>>>>

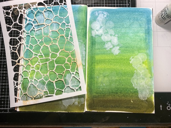 Step Two: Using a stencil and Picket Fence Distress Stain, I added blobs (not well stenciled areas) of white. I was able to push it back a little with the wet medium under it.
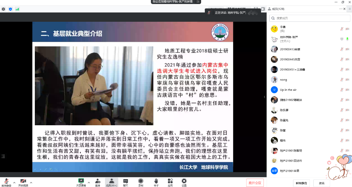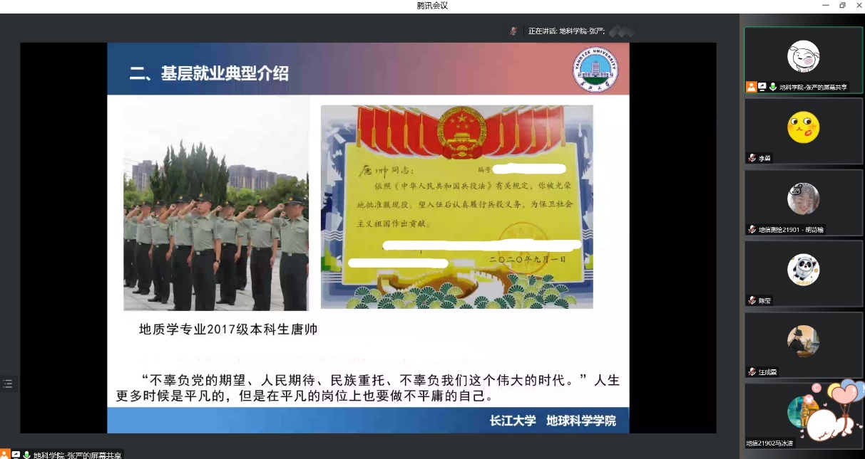 在就业育人主题班会上,公司以21届优秀毕业生左逸楠、唐帅为例介绍了基层就业典型案例,讲述了毕业生通过考取公务员和参军入伍等职业途径在基层发光发热的优秀事迹,引导员工做新时代新青年,把个人理想追求融入到党和国家事业之中,树立崇高的职业理想,鼓励更多毕业生到基层去、到西部去、到祖国需要的地方去建功立业、实现人生价值。
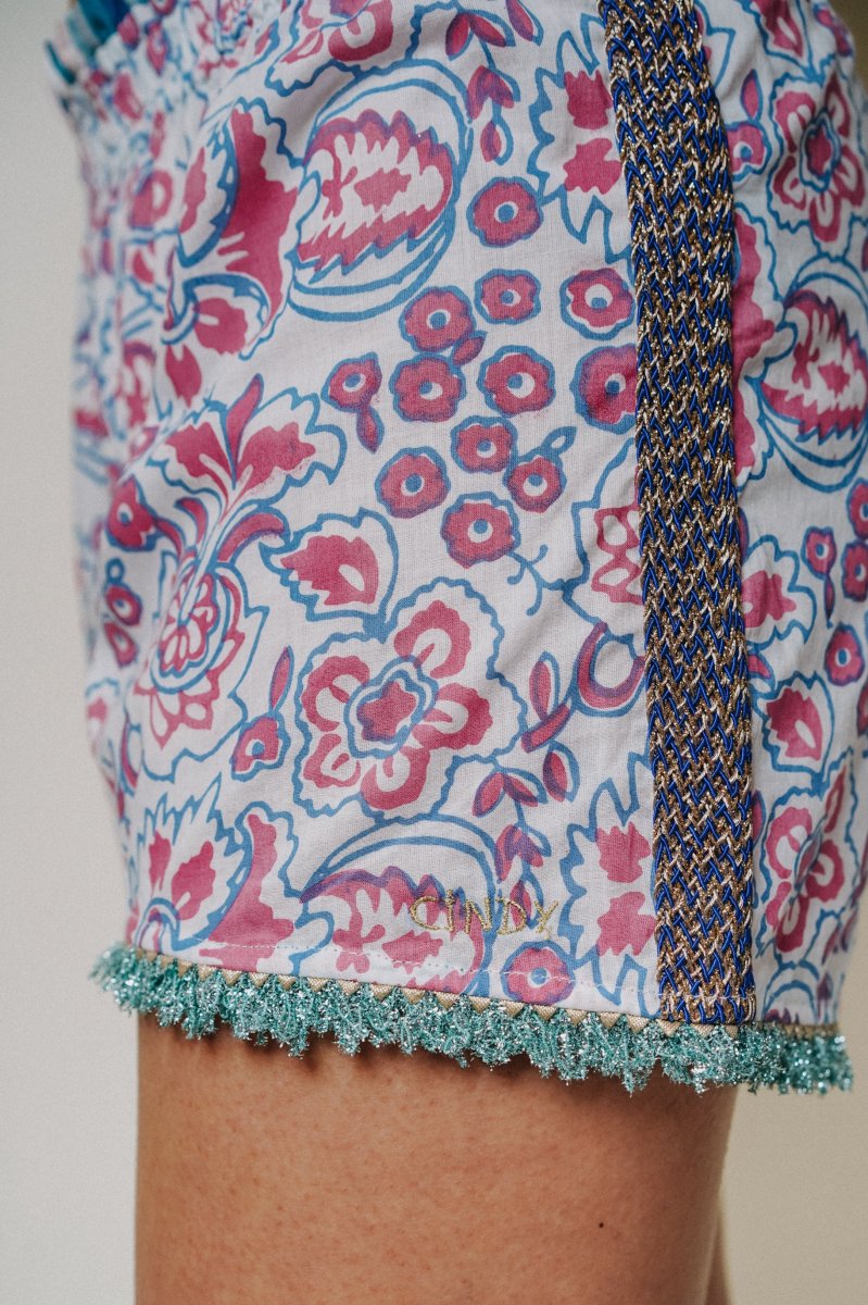 Une fine ceinture à volants dans un tissu liberty bleu, un galon pailleté sur le côté des jambes et des fines franges pailletées sur la fin de la jambe.
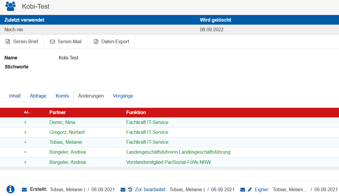 Das Löschdatum wird Ihnen in der Adessatenlisten angezeigt.
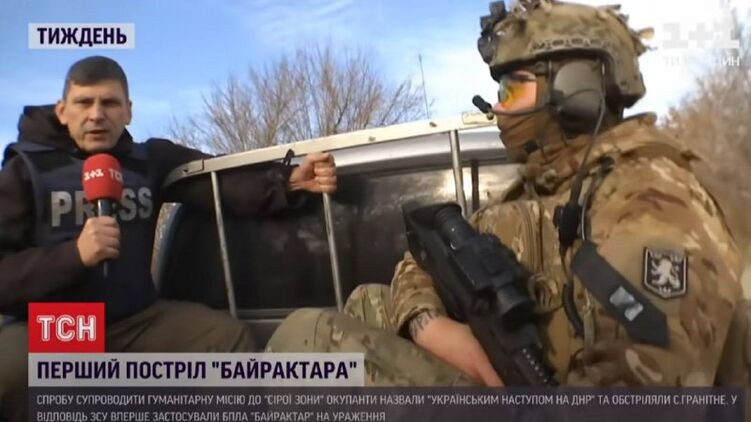 В сюжете повторяется официальная версия Киева: военные зашли с гуманитарной миссией (доставка угля). Позже они ушли, но потом противник открыл огонь из артиллерии и в ответ ВСУ использовали "Байрактар".
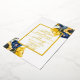 Célébrez votre journée spéciale avec notre faire-part de mariage époustouflante aux floraux bleu et jaune vif! Notre design élégant donnera le ton parfait à votre événement, alliant la beauté intemporelle des fleurs bleues à la joyeuse pop des accents jaunes. Que vous planifiez un mariage classique ou moderne, cette invitation vous impressionnera et vous fera partager la joie et le bonheur de votre union. Faites une déclaration avec notre design floral accrocheur qui capture l'essence de l'amour et de l'amour. Cette belle et élégante décoration est parfaite pour un mariage de printemps ou d'été qui présente ces teintes ! Le vrai papier d'aluminium élève ce design pour rendre encore plus spécial!
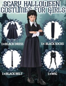 - 🎃 Complete 4-Piece Set: This set is a black dress, wig, and socks, and other matching accessories, everything required to create a complete Halloween transformation.
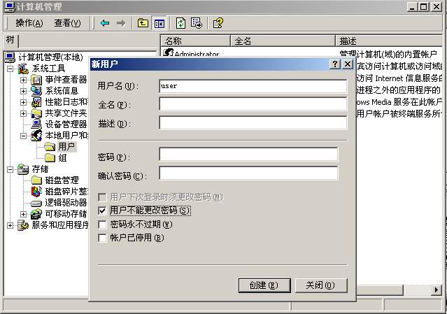 这两种系统互访前面七步与95-98-me一样,还有一点便是需在windows2000下,设置用户帐号,使之98能访问2000。2000下设置一个帐号(比如user)或者把guest帐号激活,在98里以user用户名登录,这样才能访问到2000里的数据。假如在2000下不设置用户帐号,则2000的机器能访问98,而98却不能访问2000。以笔者使用的windows 2000 server版为例,开始-程序-管理工具-计算机管理,选本地组和用户-右键-新用户(图519.jpg),在帐户里输入user,并把用户不能更改密码选中。
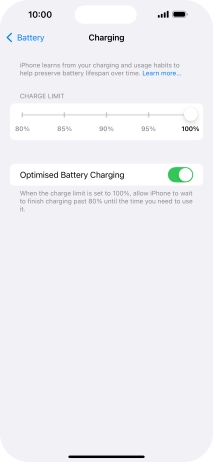 Press the indicator next to "Optimised Battery Charging" to turn the function on or off.
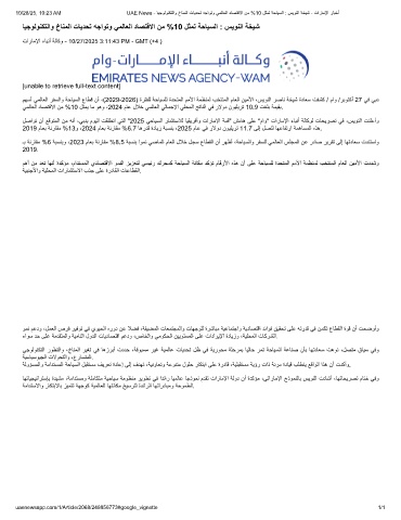 10/28/25, 10:23 AM UAE News - ﺎﯾﺟوﻟوﻧﻛﺗﻟاو خﺎﻧﻣﻟا تﺎﯾدﺣﺗ ﮫﺟاوﺗو ﻲﻣﻟﺎﻌﻟا دﺎﺻﺗﻗﻻا نﻣ %10 لﺛﻣﺗ ﺔﺣﺎﯾﺳﻟا : سﯾوﻧﻟا ﺔﺧﯾﺷ - تارﺎﻣﻹا رﺎﺑﺧأ
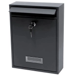 Boîte aux lettres universelle noire, idéale pour une installation sur un portail, une façade ou à l’entrée d’une maison ou d’une entreprise. Sa construction robuste en acier galvanisé assure une longue durée de vie et protège efficacement le courrier des intempéries.
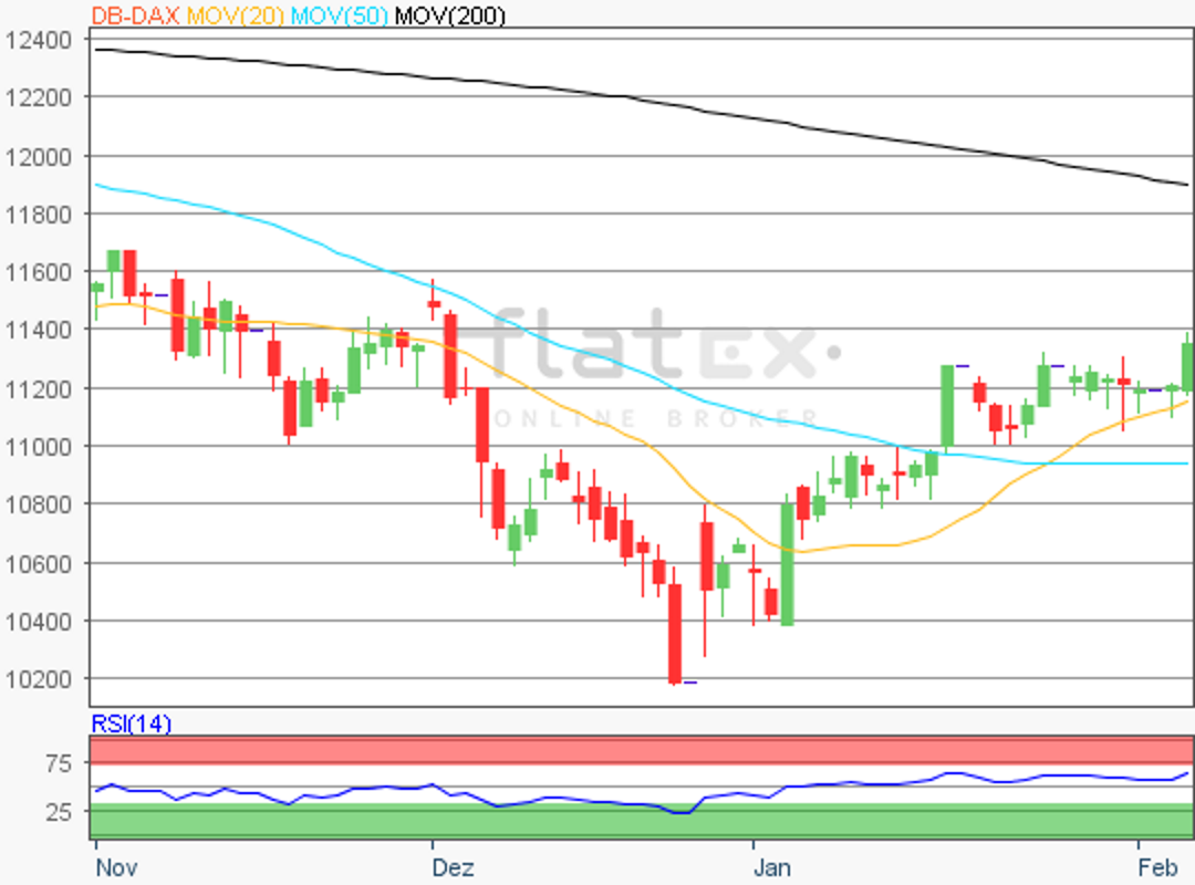 Der Deutsche Aktienindex konnte am Dienstag nach oben ausbrechen. Dabei konnte der DAX das bis dato geltende Doppel-Top aus dem Hoch vom 25. Januar 2019 von 11.321,62 Punkten und dem Hoch vom 31. Januar 2019 bei 11.311,37 Punkten, nach oben auflösen.
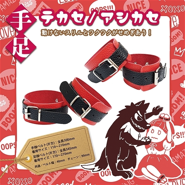 パッケージ:17.0×26.0×7.0cm 本体:@アイマスク(マスク部分8.5×20.5cm、フリーサイズ、素材:ゴムひも)、A口枷(ベルト全長61.0cm・ボール直径4.0cm・着用サイズ40.0〜54.0cm)B手枷(ベルト全長30.0cm・幅4.0cm・チェーン9.0cm・着用サイズ11.0〜21.0cm)C足枷(ベルト(全長34.5cm・ベルト幅4.0cm・チェーン9.0cm・着用サイズ17.0〜27.0cm)Dリード付き首輪(ベルト全長50.0cm・ベルト幅4.0cm・着用サイズ32.0〜40.0cm・リード100cm)E拘束ロープ(長さ4m65cm・太さ0.75cm・素材:組紐)Fバラ鞭(全長53.0cm・鞭32.0cm・持ち手12.0cm)

<<<<

:: INSTRUCTIONS FOR THE TASK ::
Each line from the first line of the listing above through the line containing "Une fine ceinture" is to be written out exactly, and the pictures are to be left out.

:: RESPONSE BOX ::
 Step Two: Using a stencil and Picket Fence Distress Stain, I added blobs (not well stenciled areas) of white. I was able to push it back a little with the wet medium under it.
 在就业育人主题班会上,公司以21届优秀毕业生左逸楠、唐帅为例介绍了基层就业典型案例,讲述了毕业生通过考取公务员和参军入伍等职业途径在基层发光发热的优秀事迹,引导员工做新时代新青年,把个人理想追求融入到党和国家事业之中,树立崇高的职业理想,鼓励更多毕业生到基层去、到西部去、到祖国需要的地方去建功立业、实现人生价值。
 Une fine ceinture à volants dans un tissu liberty bleu, un galon pailleté sur le côté des jambes et des fines franges pailletées sur la fin de la jambe.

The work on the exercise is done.